Your Dad was totally out of order and abusive. No excuses. Maintain no contact if you can. These people rarely charge or admit their wrongdoing.
It is ok to feel sad and angry about it. Try counselling if you feel it may help.
You deserve a happy life and it is far more likely to be so without this man in it.

SeaSickSal Thu 28-Nov-13 12:45:44

Of course YANBU. You were physically abused, do you realize that. Have you asked for counselling.

I disagree with most of the posters on here, as I think years ago it was often the norm to hit children quite a lot.

Rubbish. I am 45 years old, and most definitely my siblings and I did NOT get hit. I have an extended maternal family and hitting was simply not done anywhere in that family.
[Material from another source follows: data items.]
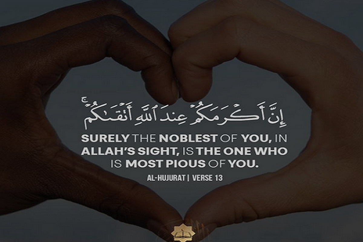 God says in Verse 13 of Surah Al-Hujurat: “People, We have created you all male and female and have made you nations and tribes so that you would recognize each other. The most honorable among you in the sight of God is the most pious of you. God is All-knowing and All-aware.”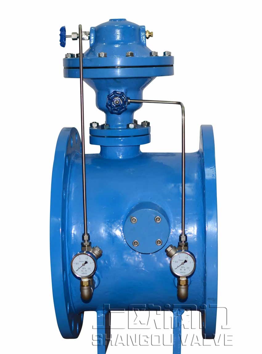 9、適應性強:產品有膜片式與活塞式分別適用于各類工況與介質。外控組件中的特殊過濾器能有效過濾污水中的雜質顆粒,保證進入膜片腔或活塞缸內介質為清潔液體,該過濾裝置具有自沖洗功能,旁通進口端設有排渣裝置,可手動定期排渣。調節型可根據工況要求,采用手動或者電動控制開度進行流量調節。
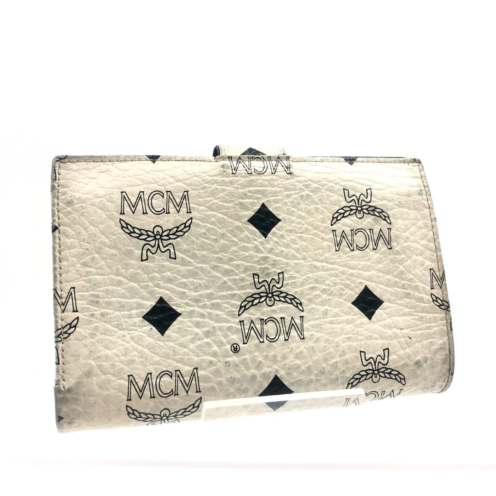 ■ドイツ時代ヴィンテージ■MCM エムシーエム ヴィセトス総柄 二つ折り財布 多機能 パスケース レザー 本革 ホワイト×ブラック ゴールド金具 レディース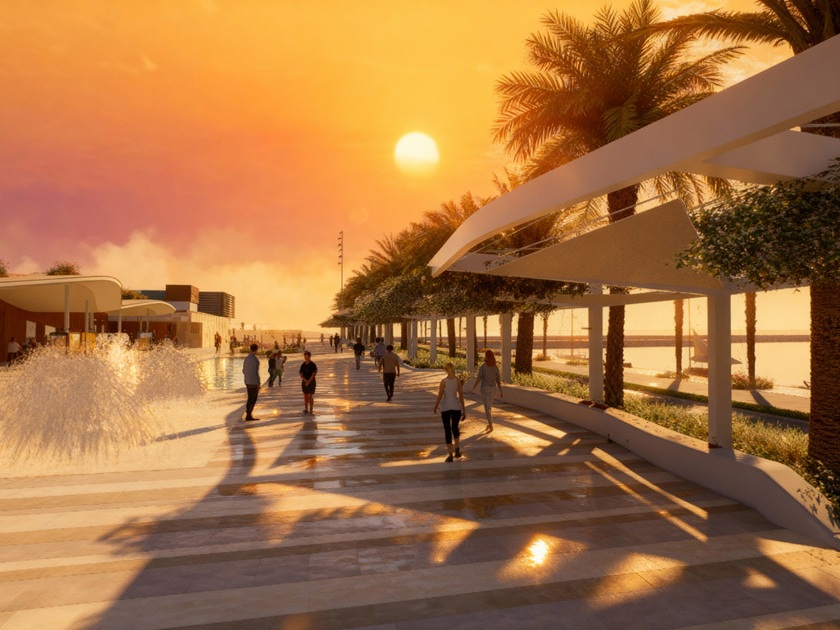 La sostenibilidad y el confort climático son protagonistas del diseño, que incorpora cubiertas ajardinadas, pérgolas ligeras con vegetación, jardineras y una lámina de agua que ayudará a refrescar el ambiente y a crear un espacio más agradable. El paseo se completa con una senda compartida para peatones, ciclistas y patinetes, reforzando una movilidad más saludable y respetuosa con el entorno.
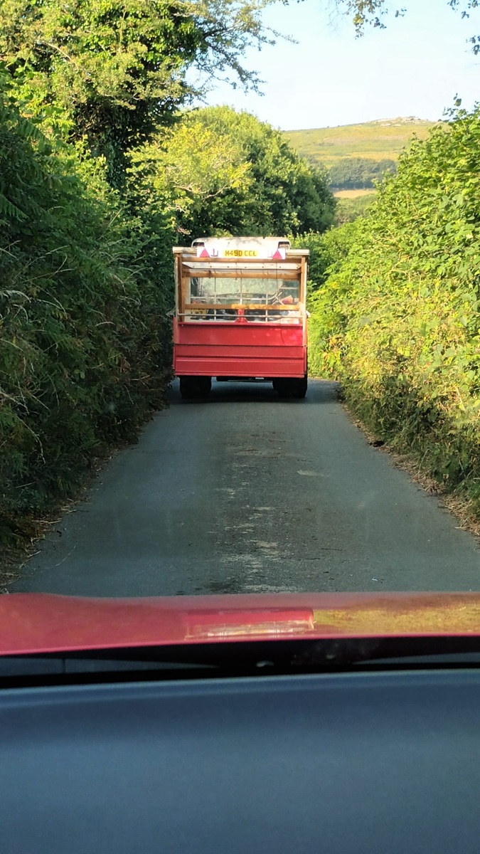 Dartmoor traffic jam, the tractor in front was led by a herd of cows and a quadbike as we drove home.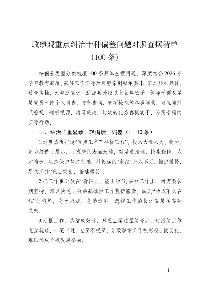 政绩观重点纠治十种偏差问题对照查摆清单(100条)

traininthedistance Thu 28-Nov-13 13:02:50

I'm so sorry this happened to you! You are in the right and he is wrong. Whether or not he ever acknowledges or admits it. Have you had any counselling at all?

flowers

SeaSickSal Thu 28-Nov-13 13:10:19

BigGapMum, I'm sorry to say that you were abused too but because it was all you knew you have normalized it.

sashh Thu 28-Nov-13 13:28:11

I don't suppose I'm ever going to convince him he was in the wrong though am I?

No, and the quicker you move on from that, realise it was and is unfair the better you will be.

sashh Thu 28-Nov-13 14:14:13

sorry that sounded harsh, it wasn't meant to be. You will not convince him because either he doesn't believe it or he is still enjoying the hold his behaviour has on you.

StepAwayFromTheEcclesCakes Thu 28-Nov-13 15:03:45

write them all a letter telling them how they have made you feel, it will help you I think, post it then cut off contact and get on with your life guilt free.